One partially saving grace is the Trump administration’s decision to temporarily waive the 106-year-old Jones Act, which requires cargo ships moving between U.S. ports to be U.S. built, flagged, and manned, reducing the number of vessels available to move crude oil and refined products between domestic ports.
The waiver allowing more ships, for instance, to move fuel from the U.S. Gulf Coast through the Panama Canal and up to California to help alleviate shortfalls. The CEC confirmed the waiver is bringing incremental supply to the state.
Looking ahead for relief
While the White House previously touted the Jones Act waiver as a move to lessen the spikes in fuel prices—that impact is minimal—the bigger difference it’s making is the eased logistical movement of supplies to needier domestic areas.
A White House official said California and Alaska count among the biggest beneficiaries of jet fuel deliveries from the Jones Act waiver. And the 60-day waiver could be extended.
Otherwise, California must compete internationally for more expensive and increasingly scarce fuel imports from Asia. The state leans on South Korea, Singapore, Japan, India, and the Middle East for more of its oil and fuel.
“The risk is California has to compete on price to get those barrels, and what’s an already expensive market becomes really expensive,” said oil forecaster Dan Pickering, founder of Pickering Energy Partners consulting and research firm.
While the rest of the country is worried about fuel prices and not physical shortages, California is a “different animal,” Pickering said, “The risk in California is both its price and its availability. And, because availability is tough, the price goes up even more.”
Already, California’s gasoline prices are 45% above the national average. The national average on April 23 for a gallon of regular unleaded was $4.03, while it’s a U.S.-leading $5.85 in California. And there’s a $2 gap between diesel prices in California compared to the national average, $7.49 per gallon versus $5.47.
Despite the geographical and regulatory challenges of building new fuel pipelines to California, several projects have popped up to help fill the gaps left by the refinery closures.
Phillips 66 and Kinder Morgan plan to build the Western Gateway Pipeline System from Texas to Phoenix and southern California. Pipeline developers ONEOK and HF Sinclair are both weighing competing projects.
But the Western Gateway project isn’t slated for completion until 2029, so bridging that gap will prove to be the challenge, De Haan said.
“It’s great news for California because they’ll have better-connected markets,” De Haan said. “California will be a little bit less of a petro island.”
Kinder Morgan CEO Kim Dang said on the company’s earnings call this week that the war in the Middle East highlights the need for the project.

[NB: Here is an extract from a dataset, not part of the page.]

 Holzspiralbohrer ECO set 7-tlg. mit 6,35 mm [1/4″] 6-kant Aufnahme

“California has to import some of its supply, and that makes it subject to the variability in global markets,” Dang said. “Instead of bringing in a fair amount of product over the water, they’ll now be bringing in supply from Texas and from the eastern United States. The other thing it does is it serves the Phoenix market, which is also right now reliant on the California refining capacity.

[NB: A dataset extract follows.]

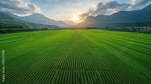 Fototapeta premium Aerial view of vibrant green rice paddy fields at sunset, surrounded by majestic mountains.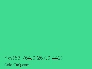 Yxy 53.764,0.267,0.442 Color is a normal green color and the nearest color is Shamrock #33cc99. Hex code #3fdb91 and RGB value is rgb(63,219,145). In RGB color space, this color is composed of 25% red, 86% green, 57% blue, In CMYK color space, this color is composed of 71% cyan, 0% magenta, 34% yellow , 14% black , In HSL color space, this color has a hue angle of 152° , 68% saturation and 55% lightness.

“I think it’s a great solution for California and for Arizona to be able to access domestic supply, as opposed to having to be reliant on the international market,” Dang added.

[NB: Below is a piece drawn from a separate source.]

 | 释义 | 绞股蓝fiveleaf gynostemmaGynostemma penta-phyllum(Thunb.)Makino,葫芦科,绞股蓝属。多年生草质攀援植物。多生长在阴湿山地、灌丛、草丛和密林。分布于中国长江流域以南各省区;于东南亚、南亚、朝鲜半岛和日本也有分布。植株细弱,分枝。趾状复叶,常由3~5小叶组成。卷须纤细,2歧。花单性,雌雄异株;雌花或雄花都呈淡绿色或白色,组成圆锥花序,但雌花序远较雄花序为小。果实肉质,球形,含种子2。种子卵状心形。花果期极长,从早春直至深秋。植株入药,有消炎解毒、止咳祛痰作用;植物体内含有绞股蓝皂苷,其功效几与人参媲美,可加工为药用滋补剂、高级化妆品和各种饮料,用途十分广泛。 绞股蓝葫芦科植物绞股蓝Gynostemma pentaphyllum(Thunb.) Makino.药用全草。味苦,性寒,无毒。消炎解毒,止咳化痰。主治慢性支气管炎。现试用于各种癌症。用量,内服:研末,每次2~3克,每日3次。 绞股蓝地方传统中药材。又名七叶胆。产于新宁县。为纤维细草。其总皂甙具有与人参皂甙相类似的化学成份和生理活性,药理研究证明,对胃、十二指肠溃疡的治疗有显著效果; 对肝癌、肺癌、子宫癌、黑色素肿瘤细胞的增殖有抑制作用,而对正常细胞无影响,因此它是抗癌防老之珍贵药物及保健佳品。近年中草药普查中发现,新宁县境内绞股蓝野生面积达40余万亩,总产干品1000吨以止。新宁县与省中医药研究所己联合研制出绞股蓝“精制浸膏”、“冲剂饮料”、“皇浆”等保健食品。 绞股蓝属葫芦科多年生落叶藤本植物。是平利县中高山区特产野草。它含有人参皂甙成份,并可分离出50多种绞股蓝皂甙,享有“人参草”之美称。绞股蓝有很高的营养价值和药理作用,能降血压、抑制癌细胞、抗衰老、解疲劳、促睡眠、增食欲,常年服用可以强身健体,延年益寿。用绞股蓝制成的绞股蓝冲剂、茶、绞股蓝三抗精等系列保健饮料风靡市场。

In the immediacy though, Pickering fears the world is still “dangerously complacent” about the war and the greatest energy supply shock in history. Oil and fuel shortages are almost guaranteed at least through the end of this year, and Pickering doesn’t see a peace deal occurring overnight.
“If they don’t [make a deal], in a month or two, the problems that we’re seeing in Asia are going to be everywhere,” Pickering said. And, if June is when shortages really kick in, well, “June is a day closer every day.”